Other than the Securities Purchase Agreement, Secured Convertible Note, Investors Rights Agreement, Security Agreement, and Guarantee, Exhibits A through E, respectively, to this Statement, there are no other contracts, arrangements, understandings or relationships (legal or otherwise) among Nyltiak and Lawson and between such persons and any person with respect to any securities of the Issuer, including but not limited to, transfer or voting of any of the securities, finder’s fees, joint ventures, loan or option arrangements, puts or calls, guarantees of profits, division

 


 

of profits or loss, the giving or withholding of proxies, or a pledge or contingency the occurrence of which would give another person voting power over the securities of the Issuer.
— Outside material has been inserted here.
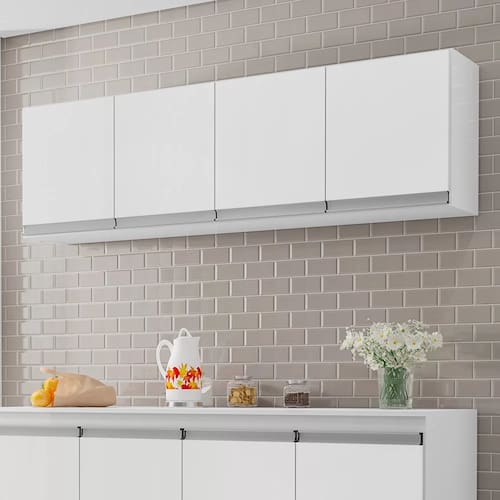 Descrição Ter uma cozinha organizada, com os utensílios, eletros e panelas em seus devidos lugares é primordial para o bom funcionamento da rotina diária, afinal, este ambiente é o coração da casa. Então, que tal apostar em armário aéreo modulado?! Os móveis modulados sempre estão em alta, pois permitem que você monte a sua cozinha completa, de acordo com a sua necessidade de espaço e com o melhor custo-benefício, assim como o Armário Aéreo Andréia, da AJL Móveis. Esse armário aéreo 160cm conta com 4 portas, duas repartições internas e é perfeito para aproveitar o espaço que ficaria perdido na parede como, por exemplo, acima da pia de cozinha. Em outras palavras, você ganha mais um lugar de armazenamento e, ainda, otimiza a organização da cozinha. Confira os detalhes desse armário nas especificações abaixo e leve hoje mesmo mais funcionalidade para a sua cozinha. Não perca tempo, adicione ao seu carrinho! Especificações Dimensão do Produto Largura: 160 cm. Altura: 55 cm. Profundidade: 32 cm. Peso: 28 Kg. Características do Produto Material da Estrutura: MDP 15mm. Acabamento: Pintura UV. Peso Suportado: 25 kg distribuídos. Escala de Brilho: Brilho. Possui Portas: Sim. Quantidade de Portas: 4 Portas. Tipo de Porta: Convencional. Tipo de Dobradiças: Metálicas. Possui Gavetas: Não. Possui Puxador: Sim. Material dos Puxadores: Perfil Metálico. Possui Prateleiras: Sim. Quantidade de Prateleiras: 1 Prateleira. Diferenciais: - Design moderno e suspenso. - Amplo espaço interno. Sistema de Montagem: Cavilhas/Parafusos/Cantoneiras/Pregos. Manual de Montagem: Sim. Complexidade da Montagem: Baixa. Conteúdo da Embalagem: 1 Armário Aéreo. Volumes: 1 Volume. Garantia do Fabricante: 90 dias contra defeito de fabricação.

Item 7. Material to Be Filed as Exhibits

     
A.   Securities Purchase Agreement, dated as of July 22, 2002, by and among Aviation General Incorporated and Nyltiak Investments, LLC (incorporated by reference to Exhibit 10.1 to the Aviation General Incorporated Form 10-Q for the quarter ended June 30, 2002, filed with the SEC on August 14, 2002 (the “Issuer 10-Q”)).
     
B.   Secured Convertible Note, dated as of July 22, 2002, by and among Aviation General Incorporated and Nyltiak Investments, LLC (incorporated by reference to Exhibit 10.2 to the Issuer 10-Q).
     
C.   Investor Rights Agreement, dated as of July 22, 2002, by and among Aviation General Incorporated and Nyltiak Investments, LLC (incorporated by reference to Exhibit 10.3 to the Issuer 10-Q).
     
D.   Security Agreement, dated as of July 22, 2002, by and among Aviation General Incorporated and Nyltiak Investments, LLC (incorporated by reference to Exhibit 10.4 to the Issuer 10-Q).
     
E.   Guarantee, dated as of July 22, 2002, by and among Aviation General Incorporated and Nyltiak Investments, LLC (incorporated by reference to Exhibit 10.5 to the Issuer 10-Q).

 


 

Signature

After reasonable inquiry and to the best of my knowledge and belief, I certify that the information set forth in this statement is true, complete and correct.

October 22, 2002


Date

 

/s/ James E. Lawson


James E. Lawson

 

Nyltiak Investments, LLC

By: /s/ James E. Lawson


James E. Lawson
Managing Member

 


 

Index to Exhibits

     
Exhibit
Number
  Description of Exhibits
A.   Securities Purchase Agreement, dated as of July 22, 2002, by and among Aviation General Incorporated and Nyltiak Investments, LLC (incorporated by reference to Exhibit 10.1 to the Issuer 10-Q).
     
B.   Secured Convertible Note, dated as of July 22, 2002, by and among Aviation General Incorporated and Nyltiak Investments, LLC (incorporated by reference to Exhibit 10.2 to the Issuer 10-Q).
     
C.   Investor Rights Agreement, dated as of July 22, 2002, by and among Aviation General Incorporated and Nyltiak Investments, LLC (incorporated by reference to Exhibit 10.3 to the Issuer 10-Q).
     
D.   Security Agreement, dated as of July 22, 2002, by and among Aviation General Incorporated and Nyltiak Investments, LLC (incorporated by reference to Exhibit 10.4 to the Issuer 10-Q).
     
E.   Guarantee, dated as of July 22, 2002, by and among Aviation General Incorporated and Nyltiak Investments, LLC (incorporated by reference to Exhibit 10.5 to the Issuer 10-Q).